▶ **Extracted entries**:
--------------------------------

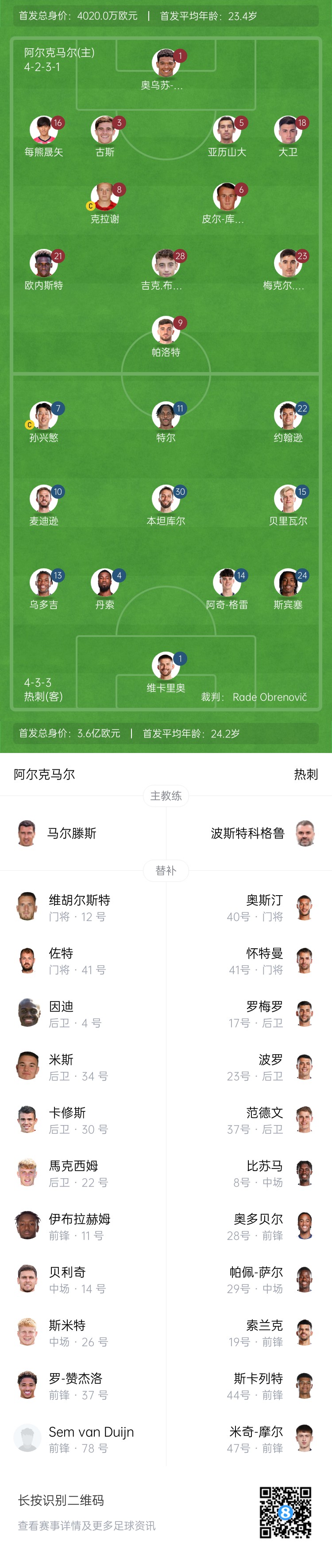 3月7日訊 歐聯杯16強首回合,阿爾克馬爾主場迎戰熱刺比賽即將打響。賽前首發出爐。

--------------------------------

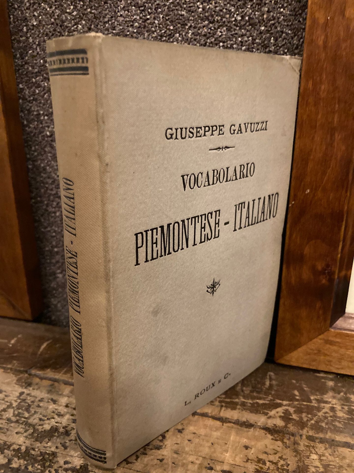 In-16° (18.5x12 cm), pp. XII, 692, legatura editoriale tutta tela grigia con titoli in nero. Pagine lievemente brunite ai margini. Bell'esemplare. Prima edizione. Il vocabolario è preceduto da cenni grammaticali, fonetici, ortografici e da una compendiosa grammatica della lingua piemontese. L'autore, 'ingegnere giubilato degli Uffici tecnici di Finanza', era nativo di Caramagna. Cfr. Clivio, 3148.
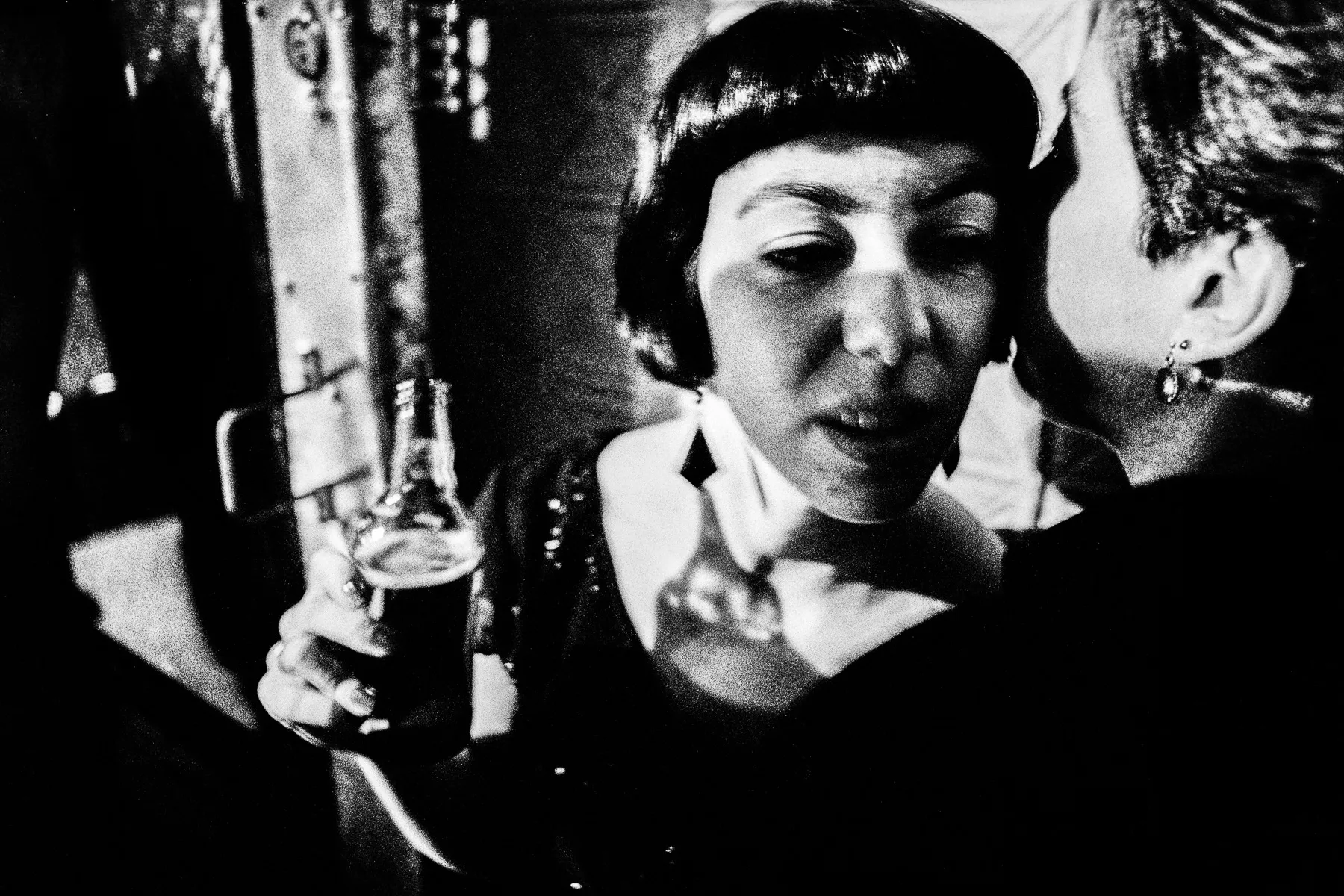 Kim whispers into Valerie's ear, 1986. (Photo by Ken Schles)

--------------------------------

▶ **Problem description**: Working from the entries above, reproduce exactly and only the lines beginning with the line that has "In-16° (18.5x12 cm), pp." and ending with the line that has "Kim whispers into"; omit all pictures.

▶ **Output for this task**:
 In-16° (18.5x12 cm), pp. XII, 692, legatura editoriale tutta tela grigia con titoli in nero. Pagine lievemente brunite ai margini. Bell'esemplare. Prima edizione. Il vocabolario è preceduto da cenni grammaticali, fonetici, ortografici e da una compendiosa grammatica della lingua piemontese. L'autore, 'ingegnere giubilato degli Uffici tecnici di Finanza', era nativo di Caramagna. Cfr. Clivio, 3148.
 Kim whispers into Valerie's ear, 1986. (Photo by Ken Schles)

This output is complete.